On this date in 1999 in Columbia, South Carolina, Clayton Spires Jr., 28, a then former member of the Christian Knights of the Ku Klux Klan, was sentenced to 26½ years in prison for his role in wounding three Black teenagers outside the nightclub,
Club Illusion in Pelion, South Carolina, in October, 1996, after he and co-conspirator, Joshua England, 20, had attended a Confederate flag rally. Spires denounced the Klan when he pleaded Guilty on December 21, 1998, in the
U.S. District Court in Columbia, South Carolina, to violating the civil rights of three his victims—Hosea Brown, Dale Jones, and Gary Jones—and to using a semi-automatic rifle in the shootings, stating, "I wish people would stay out of this organization and put an end to it." England, who was also a member of the South Carolina Christian Knights of the KKK and who was 18 years of age at the time of the shooting, pleading Guilty to four felony counts on July 13, 1998, for shooting eleven times into a crowd of mostly Black teenagers outside the nightclub as Spires drove.
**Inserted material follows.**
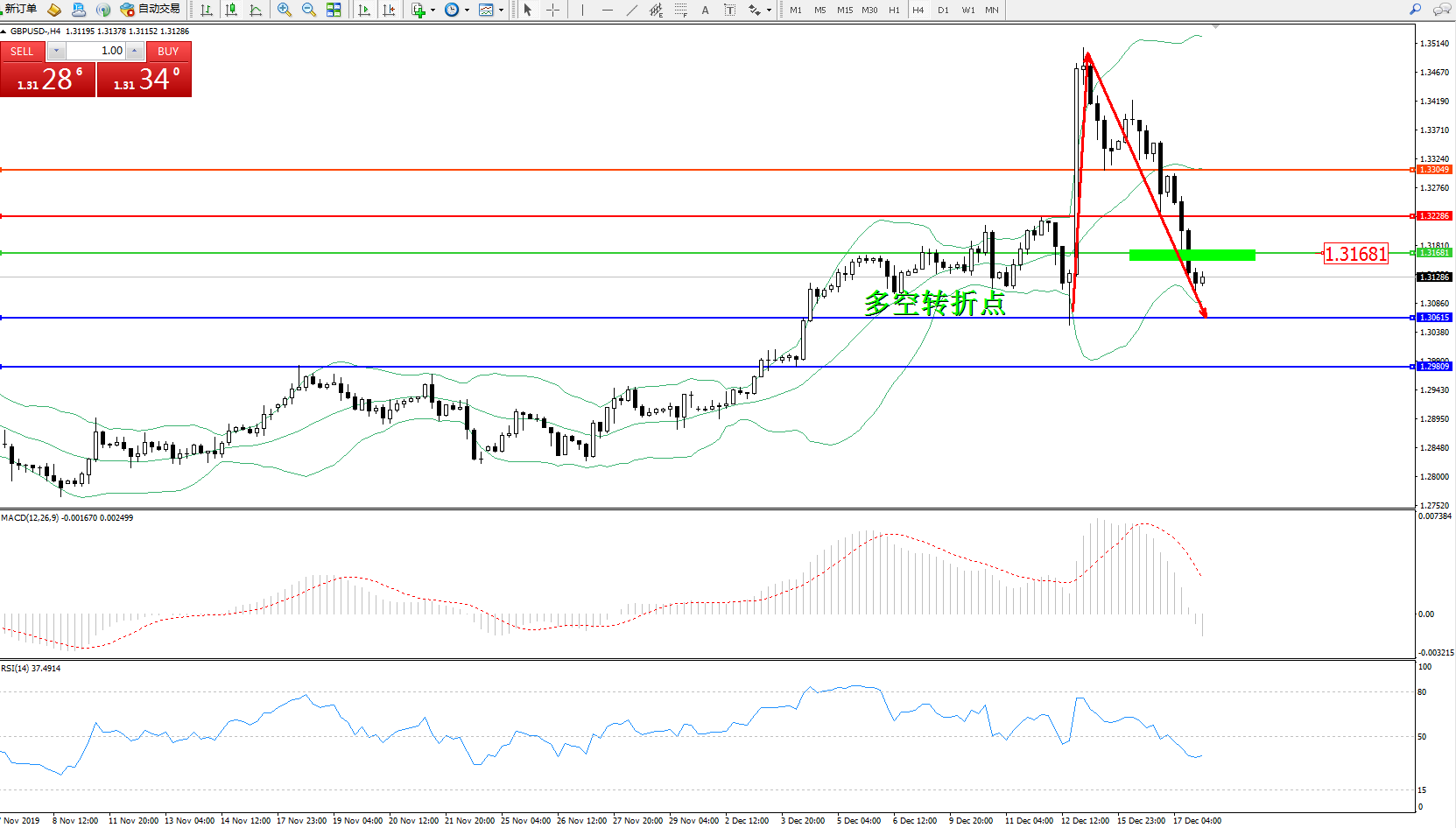 交易策略:1.31681下方看跌,目标1.30615、1.29809

In Manitowoc, Wisconsin, on this date in 2006, arsonists burned the home of a biracial couple away on vacation in London, England, and racial slurs were spray-painted on two cars behind their 418 North 7th Street home. The house had to be razed, and the hate crime remains unsolved despite an $11,000 reward and the investigative efforts of the FBI and the Justice Department.
In Farmington, New Mexico on this date in 2008, Craig Yazzie, 37, of Dennehotso, Arizona, pleaded no contest to false imprisonment (a fourth-degree felony) and misdemeanor aggravated battery for his role in attacking a gay man, Matthew Shetima, on September 22, 2007. A hate crime enhancement charge against Yazzie was dropped as part of the plea agreement. He faces more than two years in prison.
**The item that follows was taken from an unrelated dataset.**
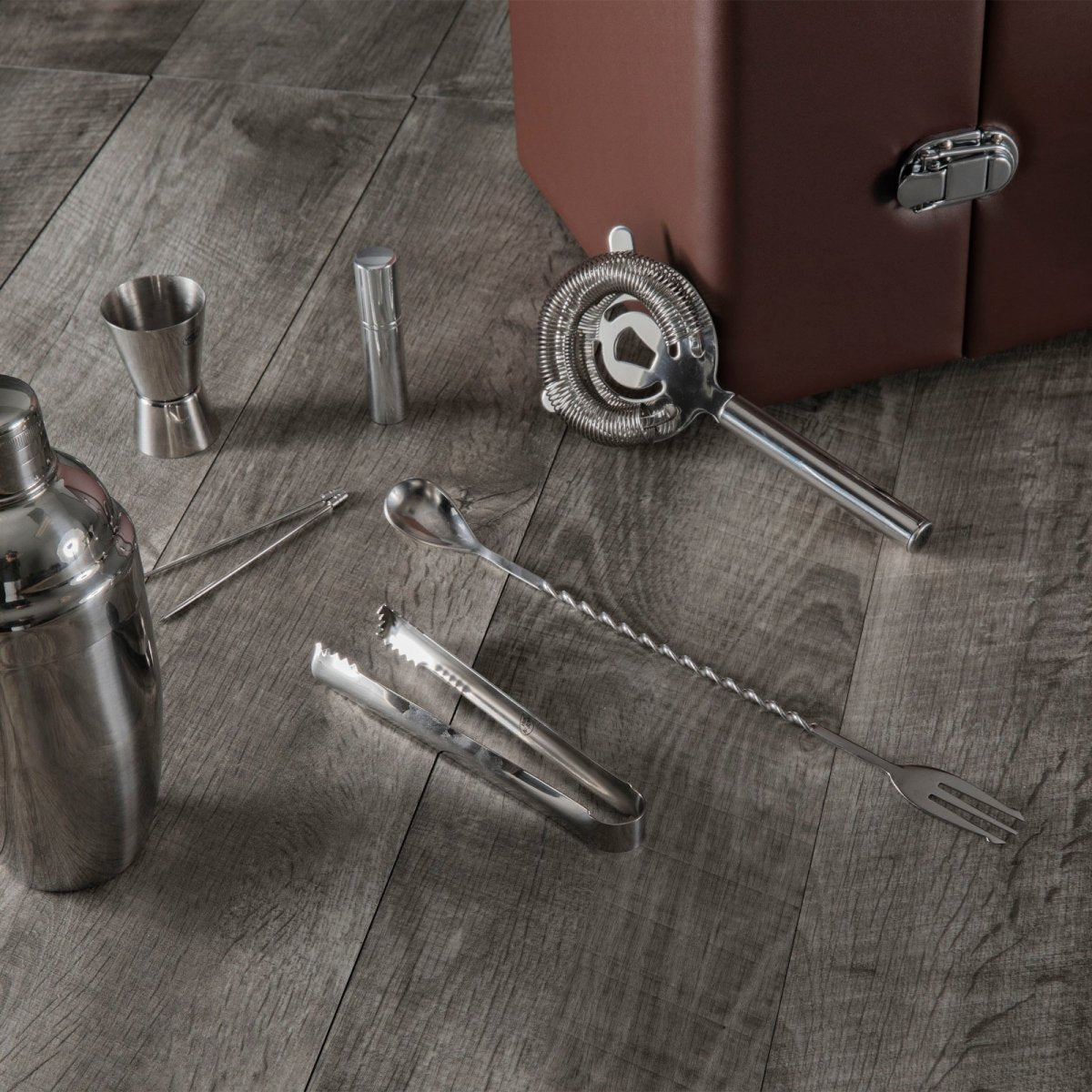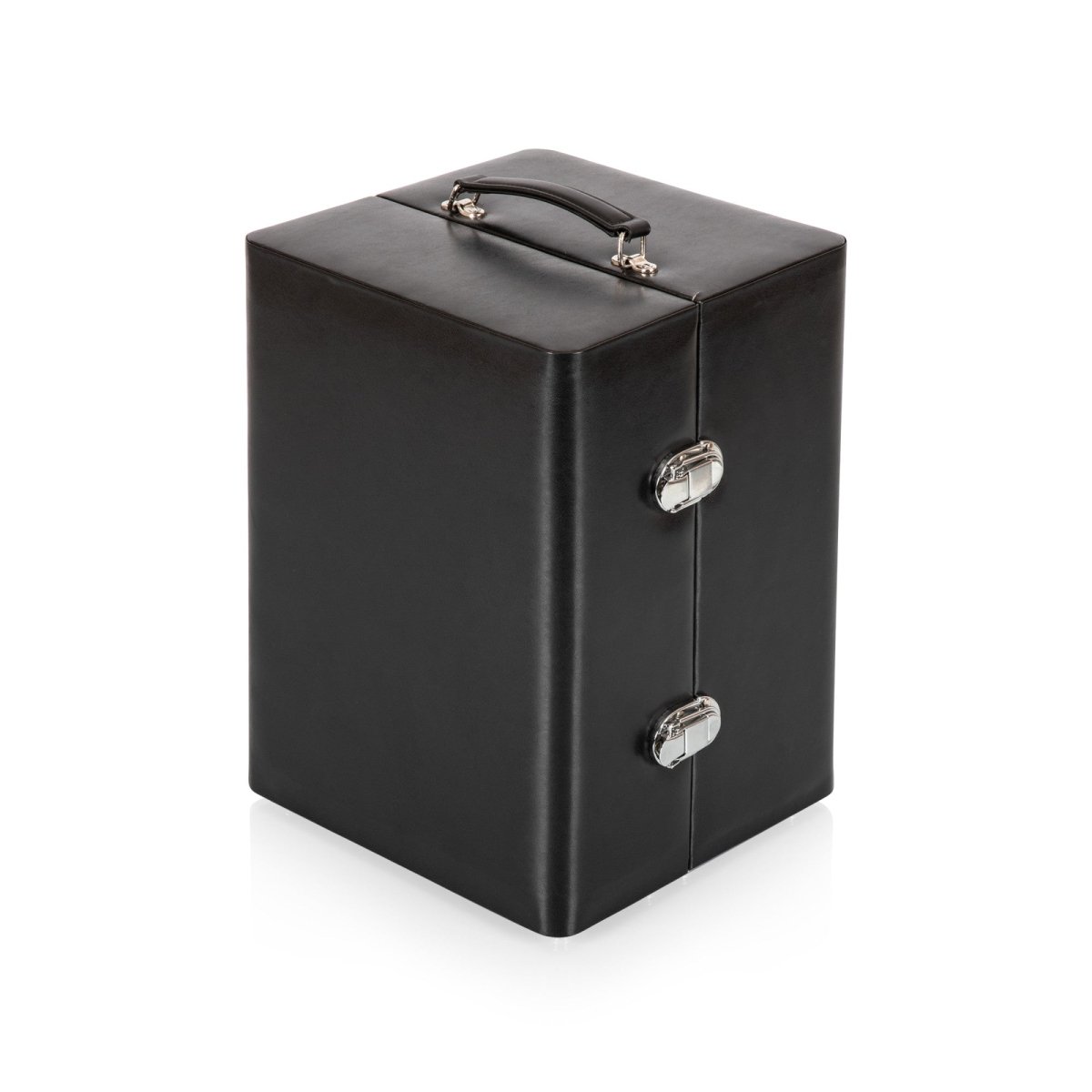 Regular price $299.95From the Roaring 20s to the 2020s, the Manhattan Portable Cocktail Set brings all that jazz back to happy hour. This complete bartender set is reminiscent of a vintage suitcase with its premium leatherette exterior and fully-insulated interior lined in sleek velveteen which tastefully showcases your two favorite wine or liquor bottles and the included: two hand-blown 7oz. Martini glasses, stainless steel shaker, stainless steel double-sided jigger, stainless steel ice tongs, stainless steel strainer, two stainless steel olive picks, Vermouth mister, and elegant combination fork/spoon stirrer. This martini set is a handsome fixture on your home bar, or take your inner mixologist on the road, to the picnic, or on the train. Wherever you go, you'll be fabulous, dahling!
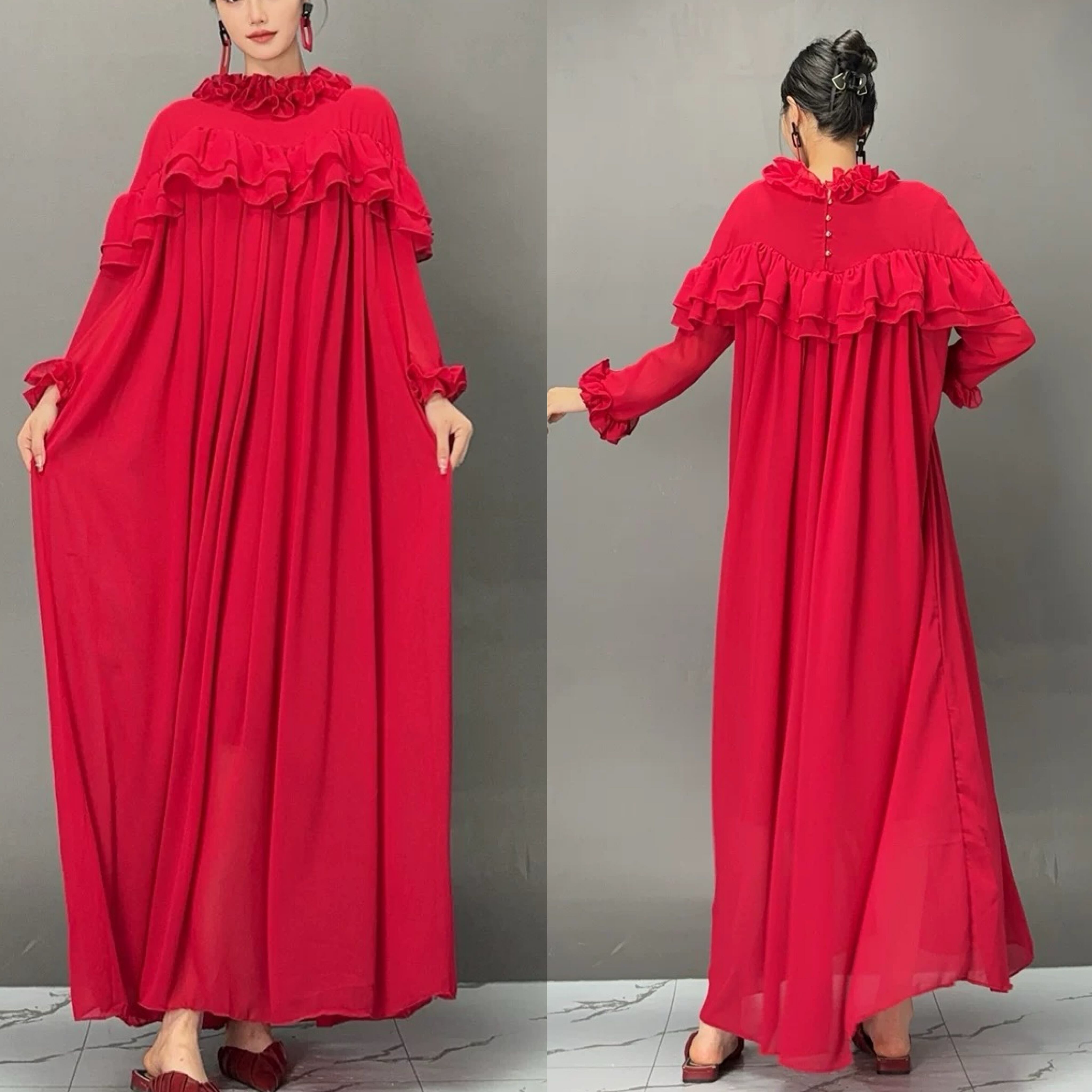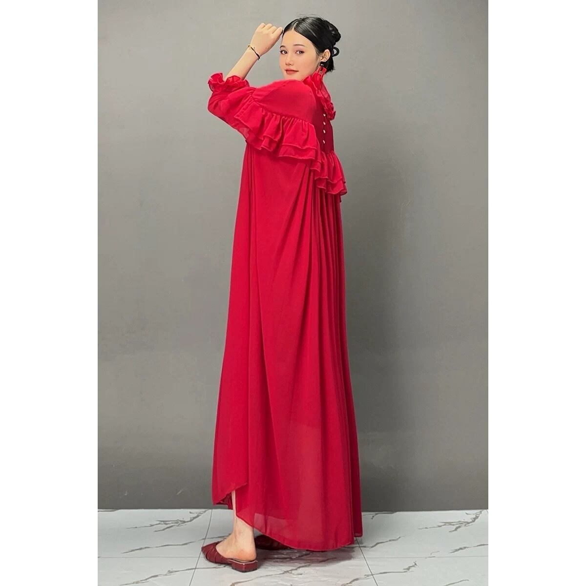 赤 ゆったり ブラウス ワンピース XL エレガント シンプル マタニティ

In New York City, on this date in 2008, Stanislav Shmulevich, 24, of Brooklyn, pleaded Guilty to one count of disorderly conduct as part of a plea deal that allowed him to avoid going to trial on hate crime charges. Shmulevich, an immigrant from the former Soviet Union, threw copies of the Qu’ran into a toilet on October 13, 2006, and November 21, 2006, after disputes with Muslims at Pace University where he was a business student at the time. Shmulevich, who was sentenced to complete 300 hours of community service, was initially charged with two counts of criminal mischief as a hate crime, a felony punishable by up to four years in prison.
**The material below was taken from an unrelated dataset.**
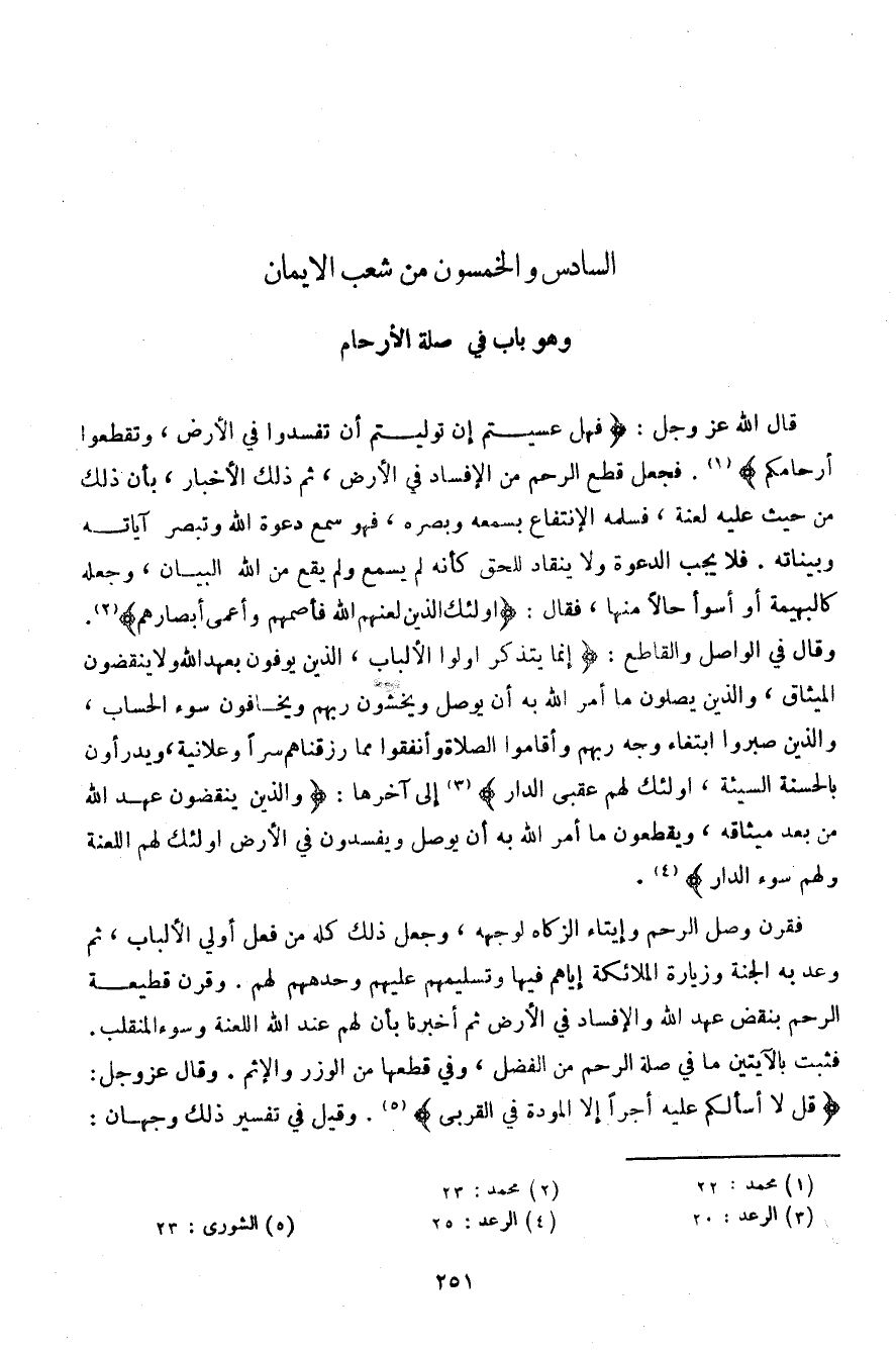قال الله عز وجل: {فهل عسيتم إن توليتم أن تفسدوا في الأرض، وتقطعوا أرحامكم}. فجعل قطع الرحم من الإفساد في الأرض، ثم ذلك الأخبار، بأن ذلك من حيث عليه لعنة، الانتفاع بسمعه وبصره، فهو سمع دعوة الله وتبصر آياته وبياناته. فلا يجب الدعوة ولا ينقاد للحق كأنه لم يسمع ولم يقع من الله البيان، وجعله كالبهيمة أو أسوأ حالًا منها، فقال: {أولئك الذين لعنهم الله فأصمهم وأعمى أبصارهم. وقال في الواصل والقاطع: {إنما يتذكر أولوا الألباب، الذين يوفون بعهد الله ولا ينقضون الميثاق، والذين يصلوا ما أمر الله به أن يوصل ويخشون ربهم ويخافون سوء الحساب، والذين صبروا ابتغاء وجه ربهم وأقاموا الصلاة وأنفقوا مما رزقناهم سرًا وعلانية، ويدرأون بالحسنة السيئة، أولئك لهم عقبى الدار} إلى آخرها: {والذين ينقضون عهد الله من بعد ميثاقه، ويقطعون ما أمر الله به أن يوصل ويفسدون في الأرض أولئك لهم اللعنة ولهم سوء الدار}.

In North Charleston, South Carolina, on this date in 2009, a Latino man from Mexico playing soccer with his 5-year-old daughter in their yard was shot to death in the Hawthorne City Mobile Home Park. Orlando Benitez Martinez was shot, then robbed allegedly by three African-American teenagers perhaps because of Mr. Martinez's ethnicity and immigration status. Arrested and charged with murder, armed robbery, and possession of a firearm were: Anthony Brown, 17; Marquise Summers, 18; and Marvin Rutledge, 19. Despite its appearance that Mr. Martinez was preyed upon because of his race/immigration status, the police did not classify the deadly attack on Mr. Martinez as a hate crime.
In the nearly all-white village of Marengo, Ohio (in Bennington Township in Morrow County) on this date in 2011, it was discovered that someone burned a cross at the home of a family of six. The cross had racial slurs scrawled on it and the phrase, "KKK will make you pay," and the mother of the attacked family, Shanay Gibson, said her family would probably leave Marengo as a result of the cross-burning. The Morrow County Sheriff's Office is investigating the incident as a hate crime. It is not uncommon for persons in nearly all-white towns to be charged with hate crimes (regardless of the bias motivation for the hate crime) or to be involved in bias-motivated crimes; and, as of the 2000 U.S. Census Mareno, Ohio, had no blacks living in it, and the village of 297 people was at that time 95.96% White, and only 0.34% Asian, 0.67% Hispanic or Latino of any race, 0.34% from other races, and 3.37% from two or more races. Given these census figures, it is possible that the Gibson family might have been the only black family residing in Marengo at the time of the cross-burning.